When using the neutral models such as Sloan et al. (2006), the parameters (e.g., Nm)of the model

are estimated iteratively by minimising the sum of squares of errors and this approach has been criticised as ‘curve-fitting’ and difficult to reject (Bell, 2005, Gotelli & McGill, 2006, McGill et al., 2006). Furthermore, a good fit of bacterial abundance distribution to a theoretical model does not distinguish ecological process from pattern (Alonso et al., 2006, Dumbrell et al., 2010). In addition, other ecological or environmental factors could still produce a good fit to the neutral model (Keymer et al., 2009). That being said, neutral models like the one used in this investigation are one of a handful in microbial ecology making testable predictions (e.g., estimating the number of sites a given taxon should occupy), which fit the data presented here relatively well. And like any good theoretical model, it provides us with useful information when the model fails to explain the majority of the variation (e.g., indicating that species sorting or other niche processes may be more important in regulating different members of a bacterial assemblage). However, it is apparent that neutral

models, and the predictions based on ecological equivalence, do not explain all of the variation observed in this investigation. It is important to remember species sorting and neutral processes are not mutually exclusive, so it is highly likely niche and neutral processes both play an important role in structuring bacterial communities but maybe at different spatio-temporal levels (Langenheder & Szekely, 2011, Lee et al., 2013). Future work should continue to consider regional diversity (i.e., source pool diversity) as well as local diversity when studying bacterial assemblages.

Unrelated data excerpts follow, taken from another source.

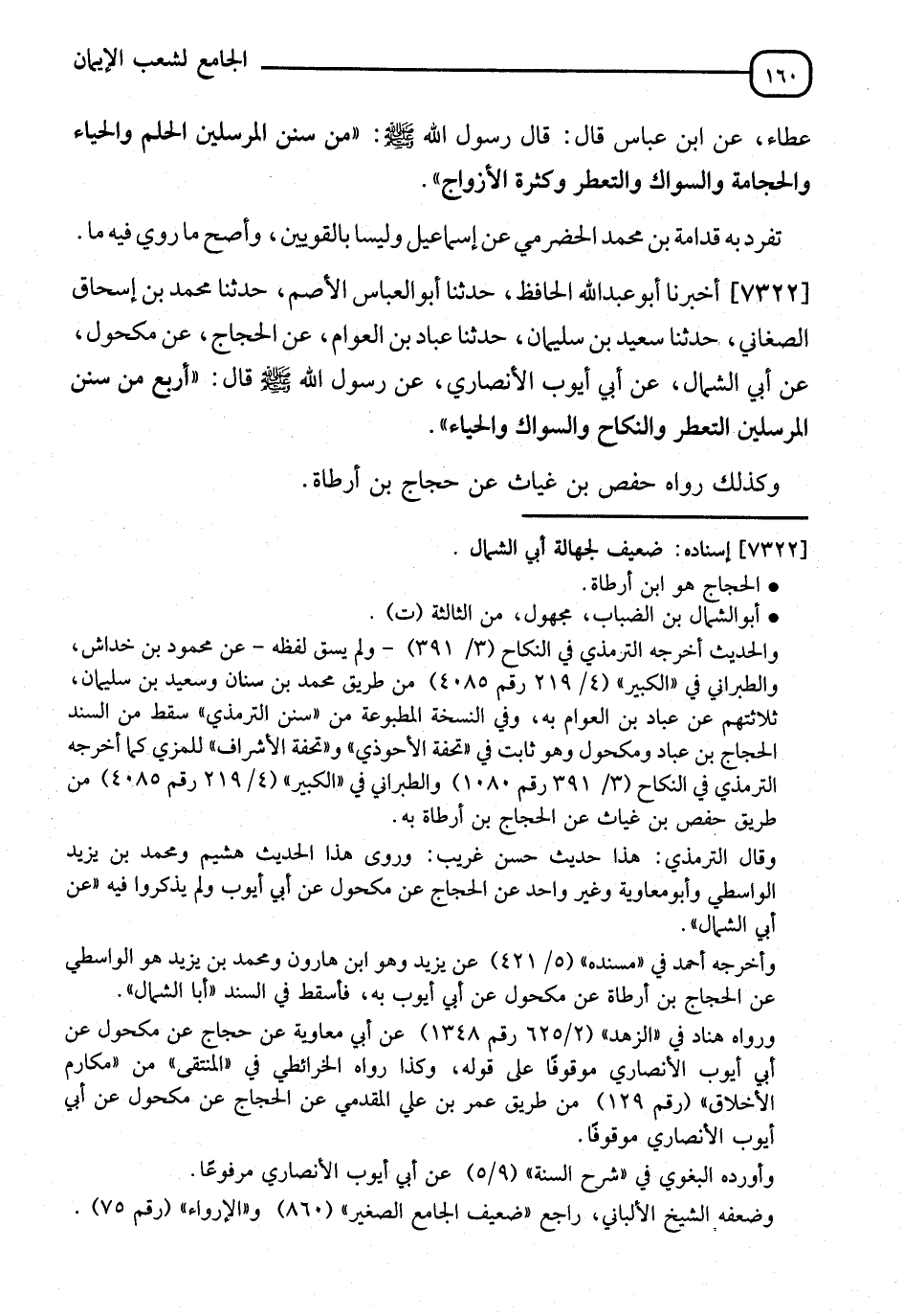7322 - أَخْبَرَنَا أَبُو عَبْدِ اللهِ الْحَافِظُ، نا أَبُو الْعَبَّاسِ الْأَصَمُّ، نا مُحَمَّدُ بْنُ إِسْحَاقَ الصَّغَانِيُّ، نا سَعِيدُ بْنُ سُلَيْمَانَ، نا عَبَّادُ بْنُ الْعَوَّامِ، عَنْ حَجَّاجٍ، عَنْ مَكْحُولٍ، عَنْ أَبِي الشِّمَالِ، عَنْ أَبِي أَيُّوبَ الْأَنْصَارِيِّ، عَنْ رَسُولِ اللهِ صَلَّى اللَّهُ عَلَيْهِ وَسَلَّمَ قَالَ: " §أَرْبَعٌ مِنْ سُنَنِ الْمُرْسَلِينَ: التَّعَطُّرُ، وَالنِّكَاحُ، وَالسِّوَاكُ، وَالْحَيَاءُ " وَكَذَلِكَ رَوَاهُ حَفْصُ بْنُ غِيَاثٍ، عَنْ حَجَّاجِ بْنِ أَرْطَأَةَ
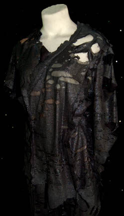 Description: A stunt costume featured in the Star Trek: Enterprise episode “Borderland”, “Cold Station 12”, and “The Augments” for wear by Chris Leps in his portrayal of “Malik”. The costume is a lot comprised of form fitting trousers, one set made from iridescent silver material and another of gold colored material, both featuring multiple tears and rips placed strategically, and an equally distressed pair of shirts, one silver and the other iridescent red. The two costumes come with a pair of tags reading ‘081-082 Stunt Malik, Chris Leps' and ‘081-082 Trey Murphey , ND augment’. A third costumer’s tag reads ‘Enterprise #80, 81, 82, ND + Stunt, Male Augments’.
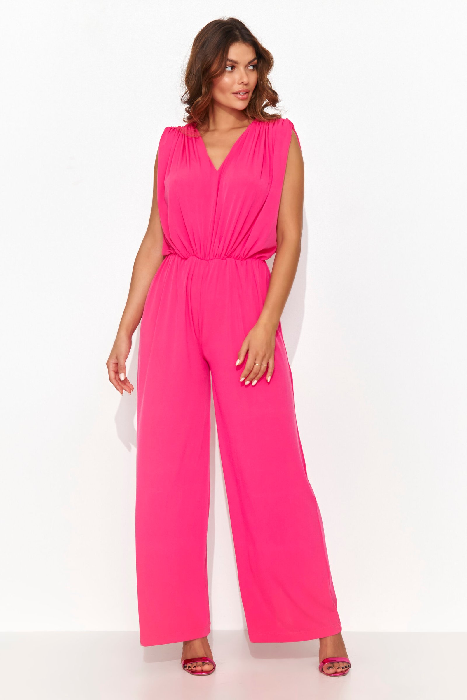 Elegancki kombinezon damski dostępny w sześciu wyjątkowo ponadczasowych kolorach. Swobodny fason zapewnia wygodę i komfort noszenia. Na wysokości ramion posiada szykowne marszczenia. Dekolt w serek nie tylko podkreśla biust, ale także optycznie wydłuża szyję, dodając subtelnej elegancji. Długie i szerokie nogawki to ponadczasowe rozwiązanie modowe, które doskonale komponuje się z różnym obuwiem. Kombinezon wykonany jest ze śliskiego i niezwykle przyjemnego w dotyku materiału, co sprawia, że noszenie go to prawdziwa przyjemność. To idealny wybór dla kobiet ceniących klasykę i wygodę w jednym.
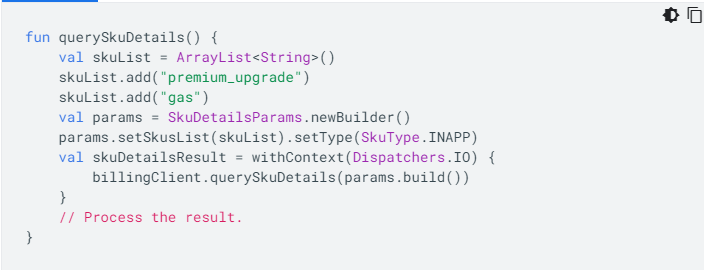 querySkuDetailsAsync()를 호출할 때 SkuType과 함께 Google Play Console에서 생성된 제품 ID 문자열 목록을 지정하는 SkuDetailsParams의 인스턴스를 전달.
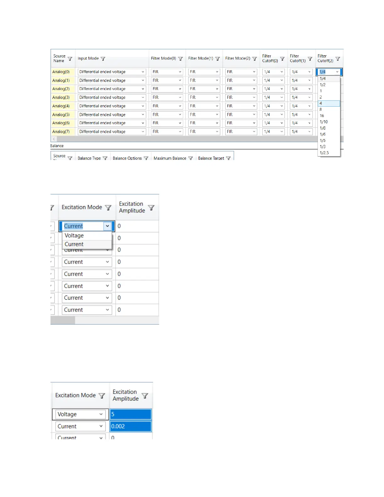 Excitation Mode can be independently set for each channel to either Current or Voltage excitation.

The investigation of artificial randomly-assembled communities (ARC) provided an additional, more liberal assessment of the possible role of stochastic assembly among these bacterial communities. Here, the observed local bacterial communities (OLC) were significantly different to the ARC in all datasets, providing evidence that the OLC were not simply random assembled communities from a diverse source pool. However, the ‘overlap’ between the OLC and ARC varied between the datasets, whereby the Red Tarns and TekapoB datasets had the highest level of overlap between the two ARCs and OLCs. Interestingly, nearly 50% of the samples collected from TekapoB Tarn 3 were found within the ARC data-cloud. This suggests that once an adequate number of samples are collected from a given environment (in this case it was 62 samples from a 3900 m2 tarn), one has a 50% chance of explaining what other local communities would resemble simply by randomly sub-sampling the source pool community. This approach may have useful applications in microbial ecology, firstly, as an additional null model that complements more conservative neutral models (such as the Sloan et al. (2006) neutral model used here, for example). Secondly, the ARC approach could be used as an informative predictor of what other local communities would resemble after an environment has been sufficiently sampled. For example, if one collects numerous samples from a continuous

environment, the random sub-sampling approach could be used to predict the likelihood of bacterial community composition in other sites. This approach may allow microbial ecologists to determine the number of samples needed to be collected from a given environment in order to predict the composition of other local communities simply by using the ARCs with high confidence levels (e.g., 70% of additional OLCs fall within the ARC data-cloud).